Hollow
Airport
Museum
H A M
…Ham was Noah’s son, the forefather of the nations on the eastern shores of the Mediterranean, Cyprus, Israel, Lebanon and of the countries of the Middle East. The vacant International Airport of Nicosia at the Green Line is a Hollow building, a Museion without art exhibits. Although the airport is the only unoccupied from the Turkish army edifice located at the Green Line, is still in a militarized zone, under the control of the United Nations authorities. Stressing the necessity of an International School of Fine Arts and of a Contemporary Museum in the area, HAM, highlights the Ancient Greek idea of a Museion, as an interdisciplinary laboratory and not that of a space where artworks could be exhibited. Consequently, the space takes the form of Artististiclaboratories/studios where a group of international artists such as: Mounir Fatmi, Wafa Hourani, Gülsün Karamustafa, Narda Alvarado and others, have been already invited to work as the first selection of teachers.
This plan gives students and local artists the opportunity to meet stimulating established artists, coming mostly from countries with similar political problems, contested areas or countries with long-lasting wars.

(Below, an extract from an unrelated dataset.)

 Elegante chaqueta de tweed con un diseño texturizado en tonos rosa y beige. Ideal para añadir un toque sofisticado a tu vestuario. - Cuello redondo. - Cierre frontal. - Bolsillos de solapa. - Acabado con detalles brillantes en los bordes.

Students’ chance to collaborate and exchange ideas and feelings with them, accordingly, gives the “teachers” the opportunity to use the airport space as studio in order to accomplish one of their projects, while learning as much as possible about Arab people and the political situation in the Middle East. In other words, no matter how much absurd it sounds, to learn how many problems, the contest for oil, caused to Middle East countries and the nearby area.

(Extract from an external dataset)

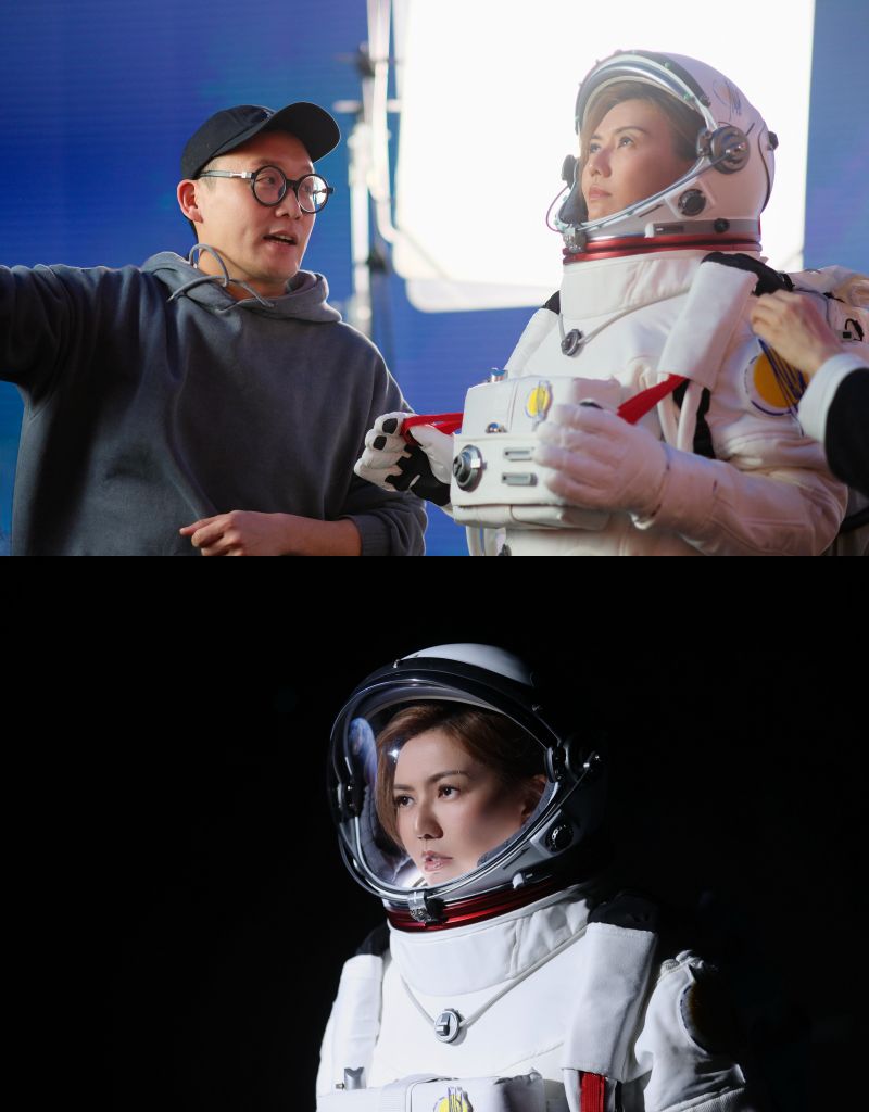 本次影像拍攝採用超高清LED Volume虛擬攝影棚建構太空場景,透過高解析度弧形LED投幕與即時渲染技術,讓宇宙光影在現場真實反射於太空服。俯衝段落結合AI動態生成影像與數位合成技術,營造突破平流層沉浸式既視感。科技成為場景的延伸,而情感始終是核心。〈飛瀑而下〉是在城市與宇宙之間,確認自己仍然完整的那一刻。

One ironic and almost symbolic thing to mention here is that the dividing wall in Cyprus is constructed from empty oil vessels. Petroleum, the real reason for the war, is at the same time the element that literally divides the island and that’s why I focused on this element in order to construct the Carnival Floats in Sao Paolo and the rest of floating platforms of the Museion. As my six years old nephew told me, Cyprus suffered a lot and still suffers since is the western gate to Arab oil and wealth…
CARNIVAL PAUSE
At the end of the activities, the outcomes of the “art-school” could be put on display before the artists/teachers’ departure, following the form of a carnival parade into the town. Emphasizing the nomadic character of the Museion, the exhibits could be set up on floats and “meet” people in public spaces, streets and plazas, instead of waiting them to visit the museum. Of course, Carnival is a ceremony that doesn't exist in Arabic civilization, even though it is so familiar to a variety of religions and cultures in the rest of the world. Thus, trying to impose an overseas ritual to them, it sounds like a colonialist strategy. In fact, the Museion’s Carnival parade has nothing to do with the usual procession; actually the real reference here, is nothing else but the very oriental custom of displaying merchandises in the street; costermongers, hawkers and peddlers are very characteristic figures in the Arab world…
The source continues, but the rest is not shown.